Hong Kong CNN Business  — 

SoftBank’s decision to abandon its $300 million investment in dog-walking startup Wag has raised more questions about the strategy of its mega tech fund.

The $100 billion Vision Fund, backed by Saudi Arabia, has poured huge amounts of money into tech startups around the world. Overall, it has chalked up healthy returns since launching in 2017, but some of its flashiest investments, such as Uber (UBER) and Slack (WORK), have struggled on Wall Street since going public this year. Worse still, SoftBank (SFTBF) had to bail out WeWork in October after it failed to pull off an IPO.

SoftBank CEO and founder Masayoshi Son warned investors at an earnings presentation last month that there could be other WeWork scenarios on the horizon, even as he pledged to stick to his strategy of betting big to pick technology’s future winners.

“Like the dog walking company and other portfolio companies, we may see similar problems surfacing,” Son said, referring to Wag.

Son didn’t go into details, but analysts have identified a few investments that could dent the Vision Fund’s returns in the near future.

Didi, Grab and Ola

Uber is the worst performer in the Vision Fund’s portfolio following a mega write down, and more trouble could be brewing in transportation and logistics, which represents 40% of the fund’s total investments.

The Vision Fund also has stakes in ride-hailing startups Didi, Grab and Ola, all of which “will likely face similar issues as Uber, with their economics likely remaining challenged until robo-taxis become viable and eliminate the cost of the driver,” Bernstein analyst Chris Lane wrote in a note on Tuesday.

SoftBank last month took an $8.9 billion hit from Uber and other investments for the July to September period.

Other transport bets include on-demand food delivery company DoorDash, Nauto, which uses cameras and artificial intelligence to understand driver behavior, and self-driving car company GM Cruise, an affiliate of the US automaker. The futures of those firms are similarly linked to autonomous driving, said Lane.

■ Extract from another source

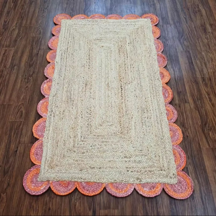 Alfombra festoneada de yute bohemio hecha a mano Patrón abstracto natural Kilim Alfombra Vieira de yute trenzada a mano

The Vision Fund has invested $31.4 billion in about two dozen transportation and logistics startups around the world. As of September 30, the fair value of those companies was pegged at $31.1 billion, which means the fund has lost about 1% on its investments, according to Lane and SoftBank’s presentation material.

Oyo and OneConnect

At WeWork, SoftBank was the sole or main investor in the last few rounds, driving the company’s sky high valuation. Investors are now worried that WeWork wasn’t an exception, but more of a rule, according to Jefferies analyst Atul Goyal.

“Apparently, this pattern has repeated in many cases,” including Indian hotel startup Oyo and financial technology company OneConnect, Goyal said in a note on Monday.

In October, Oyo raised $1.5 billion in fresh funds from its founder Ritesh Agarwal, SoftBank and other investors. Funding for the round reportedly came from Japanese banks “which could not have possibly lent that money to Oyo’s founder without assurances and guarantees from SoftBank Group,” Goyal said.

OneConnect, a unit of Chinese insurance giant Ping An (PIAIF) that helps financial institutions manage digital transactions, launched its public offering in the United States last week. The company could raise up to $504 million, selling 36 million shares for between $12 and $14 each, according to an SEC filing last Tuesday.

The price range values OneConnect at between $4.4 billion and $5.2 billion, falling well short of the $7.4 billion Ping An said the unit was worth last year, when it raised $650 million from investors including SoftBank.

If SoftBank continues to inject cash into such companies at inflated valuations, other investors may be scared off. That could leave SoftBank and the Vision Fund as sole or majority investors, “but this will create the specter of [WeWork] all over again,” said Goyal.

The Vision Fund is still ahead

Despite the billions committed to the WeWork bailout and written off at Uber, the Vision Fund has had a respectable run so far.

The fund officially closed in September, after deploying about 85% of its cash. It holds 15% back to pay preferred investors an annual 7% coupon, and for follow-on investments in fund companies.

Son’s mega tech fund “has achieved an [internal rate of return] of 24% in its 28 months of operation, with gains of $11.4 billion from its investment in 90 companies,” according to Lane, the Bernstein analyst. That return does not take into account inflation, cost of capital or financial risks.

Among the 15 analysts polled by data provider Refinitiv, 14 have a buy or strong buy recommendation for SoftBank’s stock. Only one analyst, Goyal of Jefferies, rates SoftBank a hold.

Shares in SoftBank ticked down 0.3% in Tokyo on Tuesday, down nearly 30% from a high in April.